- Location: Haliburton County, Ontario
- Coordinates: 45°10′36″N 78°16′25″W﻿ / ﻿45.1767°N 78.2736°W
- Type: lake
- Part of: Ottawa River drainage basin
- Primary outflows: unnamed stream to Fourcorner Lake
- Basin countries: Canada
- Max. length: 390 metres (1,280 ft)
- Max. width: 300 metres (980 ft)
- Surface area: 4.14 hectares (10.2 acres)
- Surface elevation: 453 metres (1,486 ft)

= Weepine Lake =

Weepine Lake (lac Weepine) is a small lake in the municipality of Dysart et al, Haliburton County in Central Ontario, Canada.

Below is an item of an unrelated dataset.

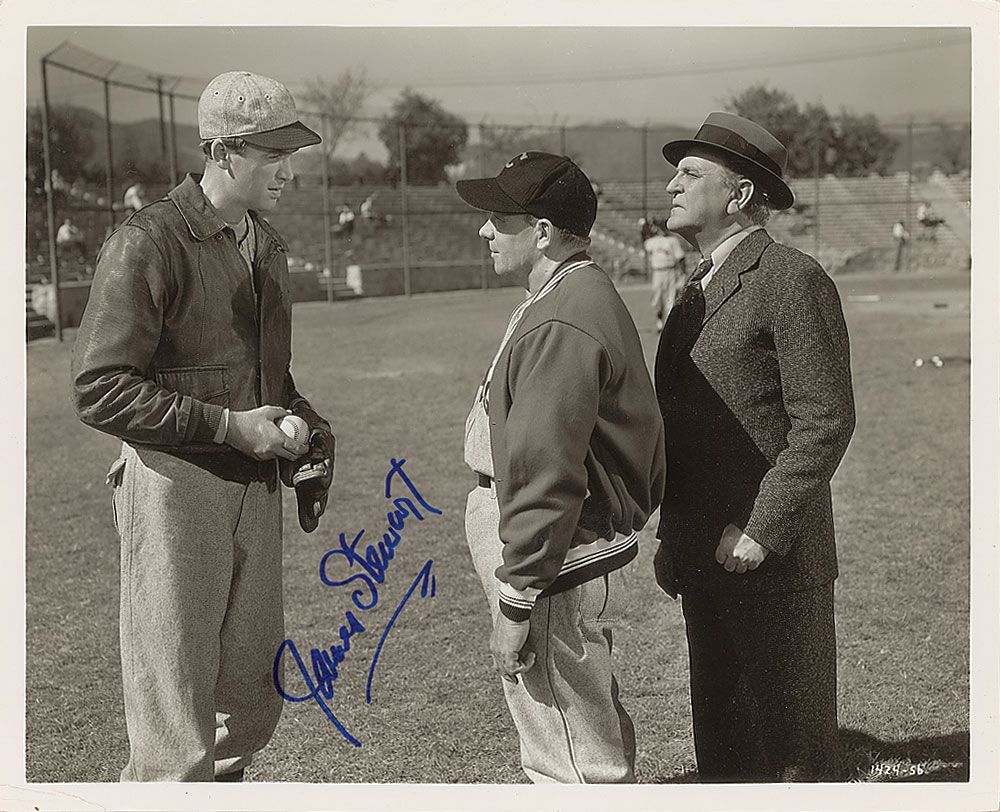 Vintage glossy 10 x 8 double-weight MGM publicity photo for The Stratton Story, signed later in blue felt tip. Reverse bears printed promotional information about the film. In fine condition, with some mild rippling.

It is within Algonquin Provincial Park and is part of the Ottawa River drainage basin.

==Geography==
Weepine Lake has an area of 4.14 ha and lies at an elevation of 453 m. It is 390 m long and 300 m wide. The nearest named community is Kennaway, 8.5 km to the east.

There two unnamed inflows, one at the north and one at the west. The primary outflow, at the south end of the lake, is an unnamed stream that flows south to Fourcorner Lake. Fourcorner Lake flows via Fourcorner Creek, Benoir Lake, the York River and the Madawaska River to the Ottawa River.